| Task goal |
Because the images are not wanted, restate every line below word for word without them.

| Raw data |

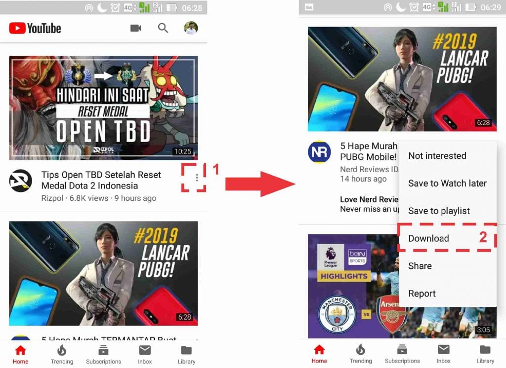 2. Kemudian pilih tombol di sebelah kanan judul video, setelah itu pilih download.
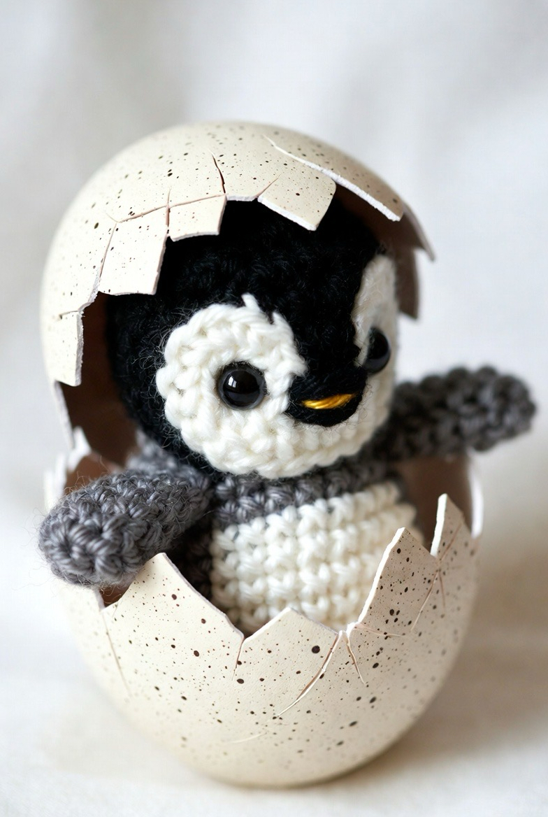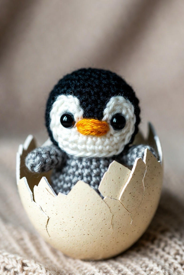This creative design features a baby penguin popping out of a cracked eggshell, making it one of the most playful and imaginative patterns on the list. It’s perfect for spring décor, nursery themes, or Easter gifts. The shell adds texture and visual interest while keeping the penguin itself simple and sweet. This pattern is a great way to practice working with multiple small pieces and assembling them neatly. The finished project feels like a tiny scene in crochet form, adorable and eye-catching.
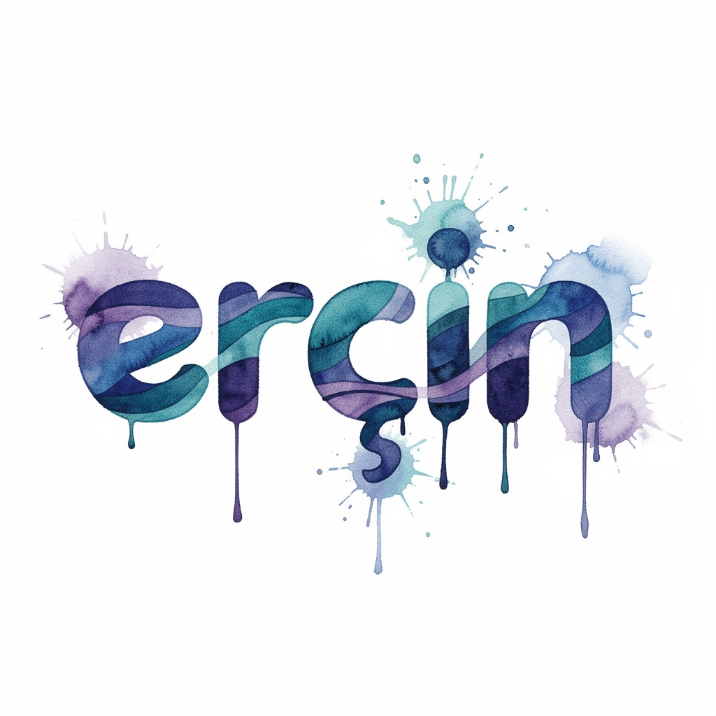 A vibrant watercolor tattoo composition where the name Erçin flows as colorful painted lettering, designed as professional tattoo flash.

| Answer to this exercise |
 2. Kemudian pilih tombol di sebelah kanan judul video, setelah itu pilih download.
This creative design features a baby penguin popping out of a cracked eggshell, making it one of the most playful and imaginative patterns on the list. It’s perfect for spring décor, nursery themes, or Easter gifts. The shell adds texture and visual interest while keeping the penguin itself simple and sweet. This pattern is a great way to practice working with multiple small pieces and assembling them neatly. The finished project feels like a tiny scene in crochet form, adorable and eye-catching.
 A vibrant watercolor tattoo composition where the name Erçin flows as colorful painted lettering, designed as professional tattoo flash.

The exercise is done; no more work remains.